Outro grande projeto do Ocidente que também é considerado um rival da BRI é o Iniciativa Global Gateway da UE. Esta iniciativa é um programa de investimento lançado em 2023 pela UE e instituições financeiras europeias de desenvolvimento com o objetivo de mobilizar até 300 bilhões de euros em investimentos públicos e privados de 2021 a 2027 em setores-chave, incluindo transporte. O projeto do Corredor do Meio é um dos principais projetos visados por este fundo, bem como o Programa de Transporte Regional financiado pela UEa ser adotado em 2025, onde a UE “oferecerá assistência técnica para promover projetos existentes e futuros relacionados com transportes” na Ásia Central.

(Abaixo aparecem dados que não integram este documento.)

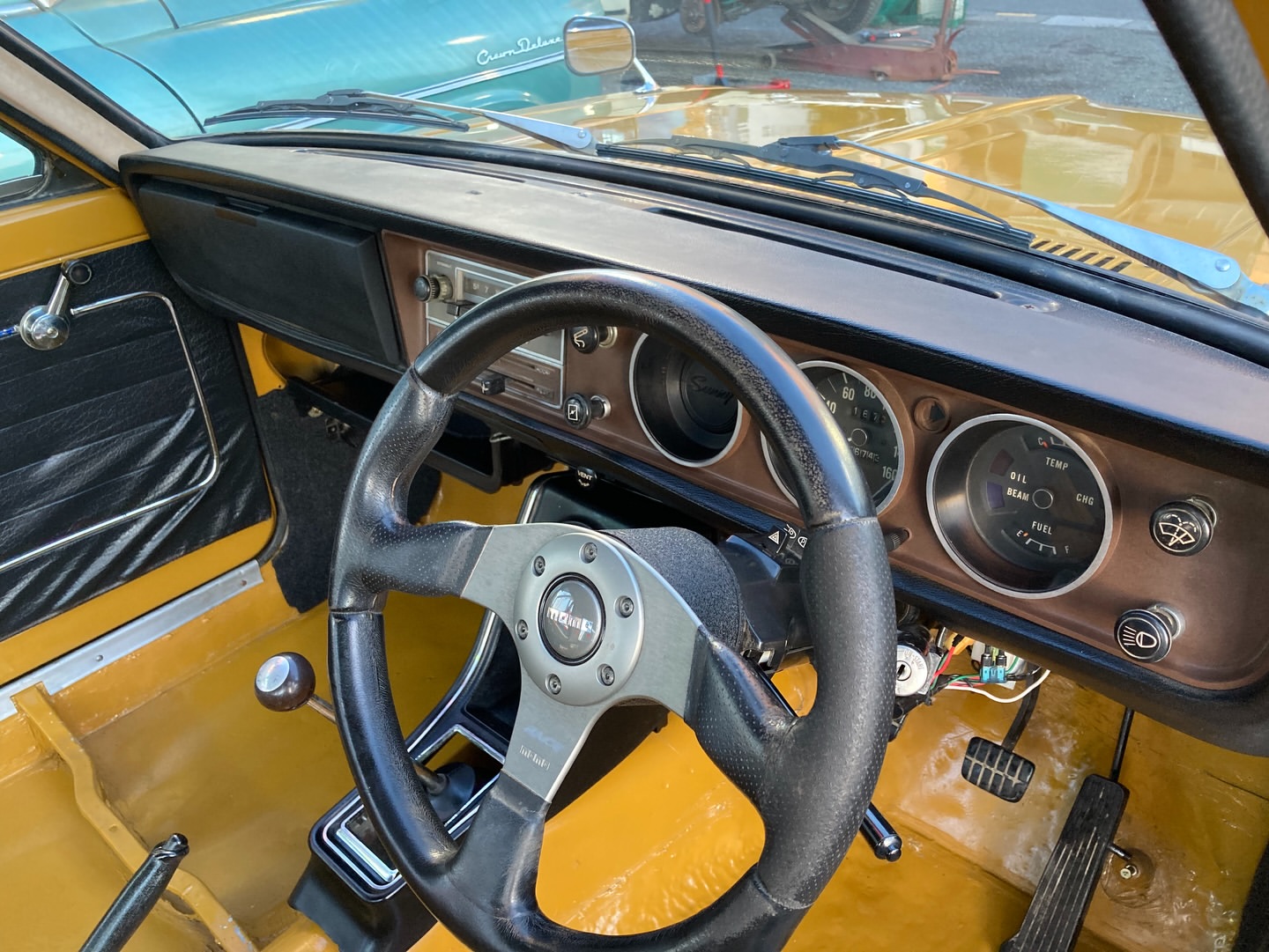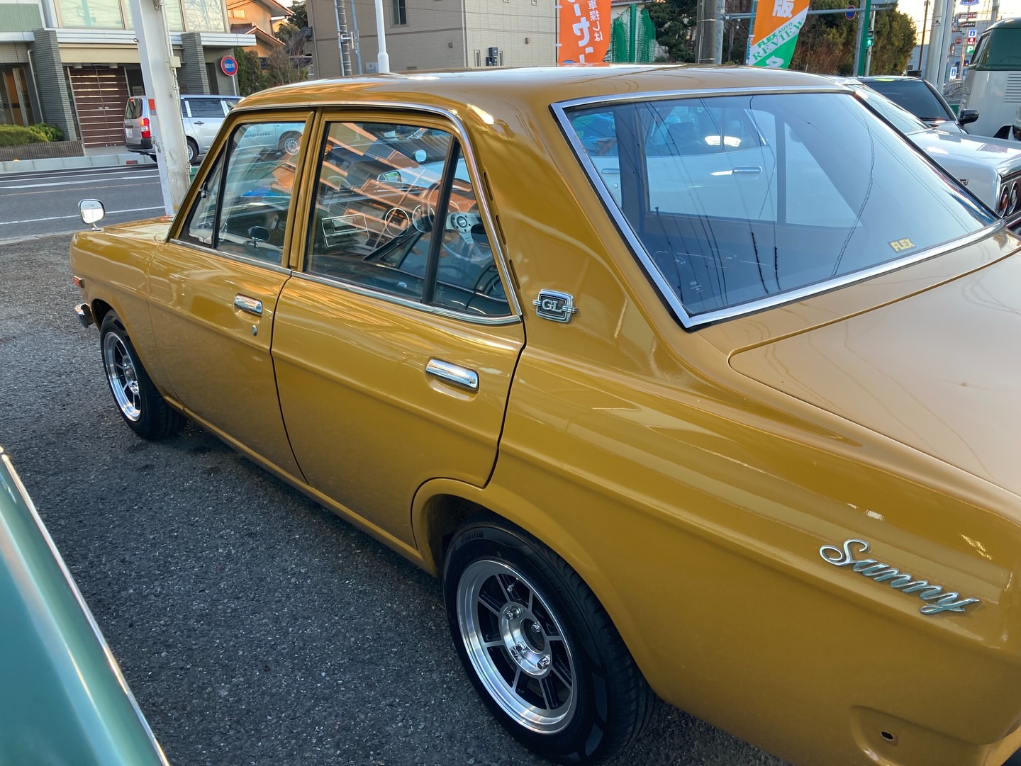 昭和45年 サニー4ドア1200GL 私も大好きなB110サニー クーペもセダンも出物は少ないです ブラウンに13インチのハヤシで良い雰囲気
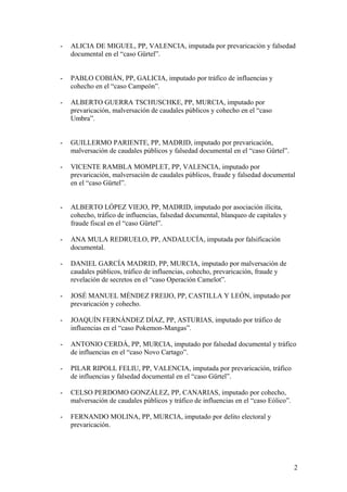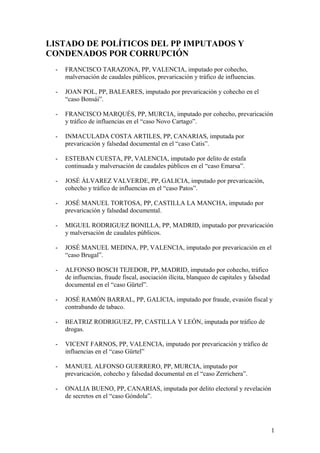 Este documento lista a varios políticos del Partido Popular en España que han sido imputados o condenados por corrupción. Se mencionan más de 50 políticos del PP de diferentes comunidades autónomas que han sido investigados o acusados de delitos como cohecho, malversación, prevaricación, tráfico de influencias y falsedad documental, en muchos casos relacionados con casos de corrupción urbanística conocidos con nombres como Gürtel, Palma Arena u Operación Pokemon.
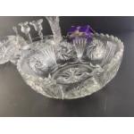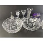 Mixed crystal lot comprising bowl, Stuart Crystal candle holders, Edinburgh Crystal paperweight. All in good condition.
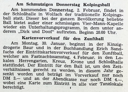 Amtliches Nachrichtenblatt 28.01.1967 – Kartenvorverkauf für den Zunftball
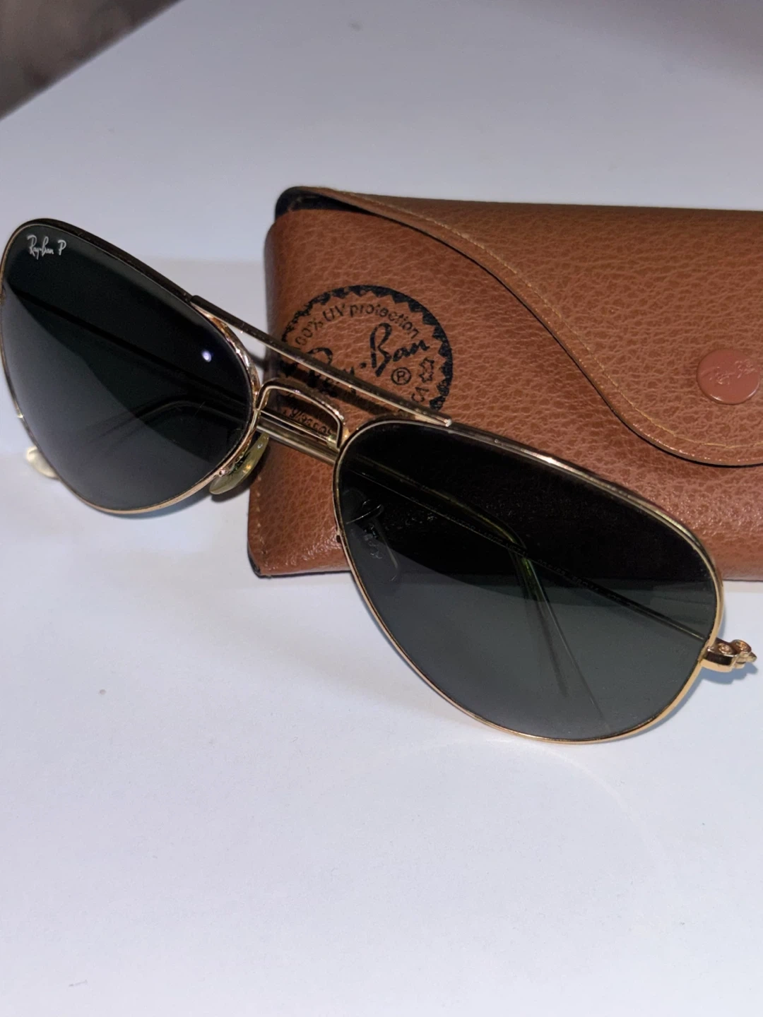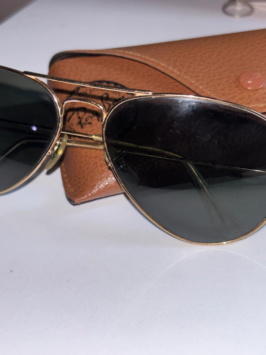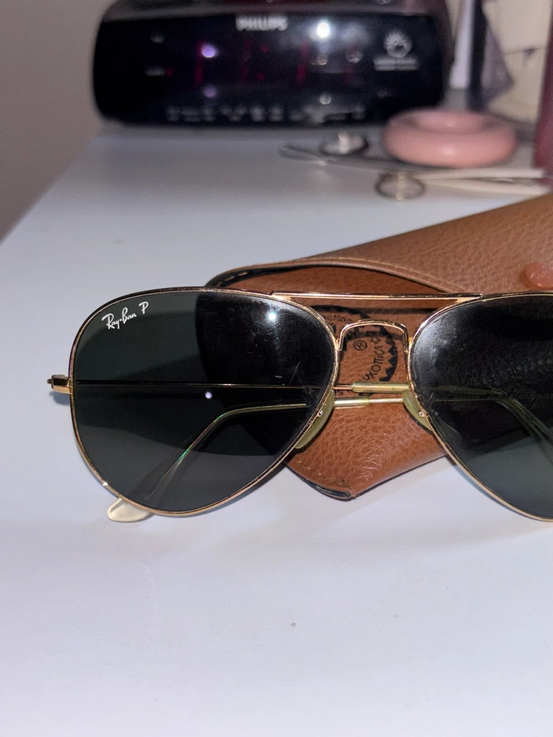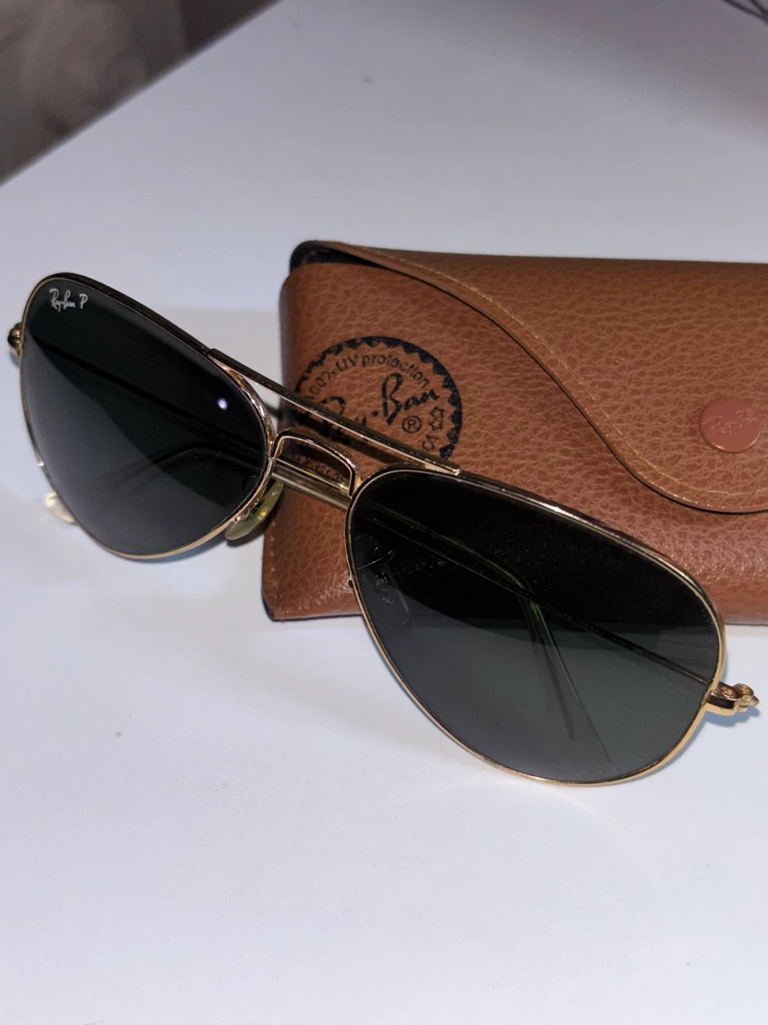 Selling a pair of Ray-Ban aviator sunglasses. They come with their original case, which is in great condition. The sunglasses themselves have a classic look and are ready for a new owner. Might need to be tightened as it’s always been loose for me.
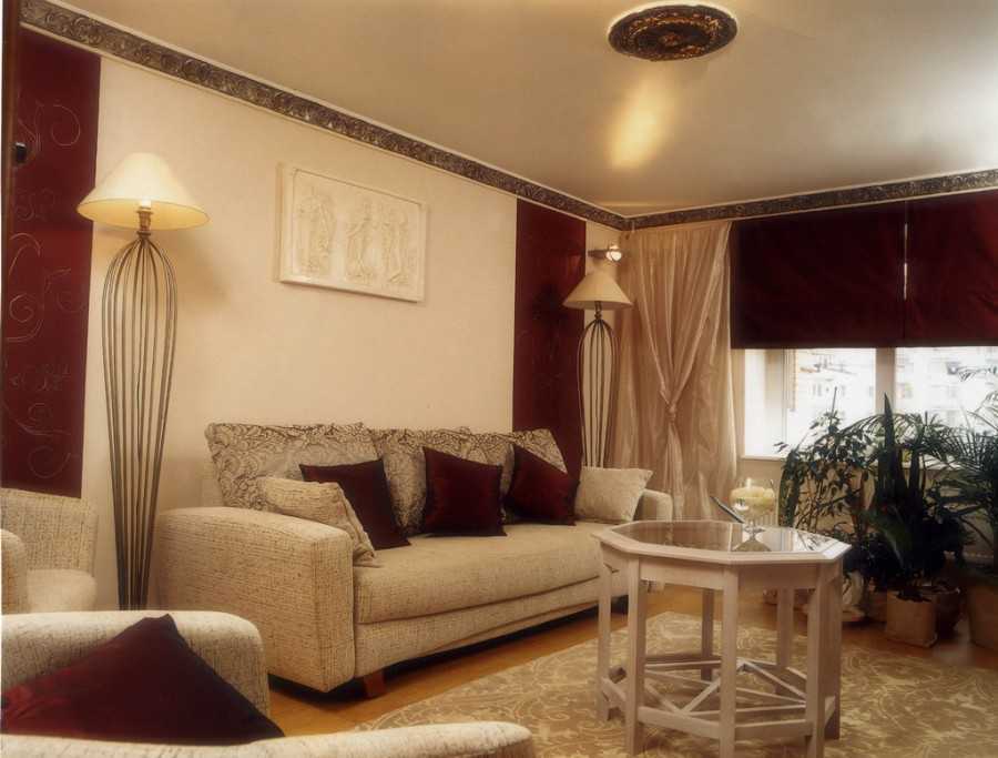 И на фоне лепки, рисунка, и на фоне обоев 3д будут хорошо смотреться этот предмет интерьера. Торшер занимает место, пусть и немного – в этом минус. С другой стороны, его легко подвинуть, переставить.

Para os EUA e seus parceiros, o principal objetivo de sua abordagem de corredor é garantir que os interesses e a influência ocidentais não sejam comprometidos no exterior. Isso significa administrar e manter um controle sobre a crescente influência chinesa na economia mundial.
Conclusão
Novas realidades geopolíticas e geoeconômicas na Ásia estão se revelando. O impulso de investimento em infraestrutura de todos os lados para a “corredorização” da Ásia está mudando a ordem internacional como a conhecemos. Embora a BRI da China esteja acontecendo na última década, ainda há esperança de que os EUA e o Ocidente alcancem.
O primeiro passo para abordar essas dinâmicas é reconhecer como o Ocidente pode usar seu modelo para estender e projetar sua influência econômica sobre a Ásia de uma forma que seja autêntica para eles. Segundo, os formuladores de políticas devem explorar onde o Ocidente pode estruturar novas cadeias de suprimentos que permitam que empresas no Sul Global acessem mercados ocidentais. O terceiro e último passo é aumentar o investimento em projetos de infraestrutura na Ásia para que os custos e benefícios do transporte possam ser maximizados.
Esses corredores transnacionais concorrentes estão formando uma nova maneira de pensar sobre estratégia e competição geopolítica que moldarão a próxima década.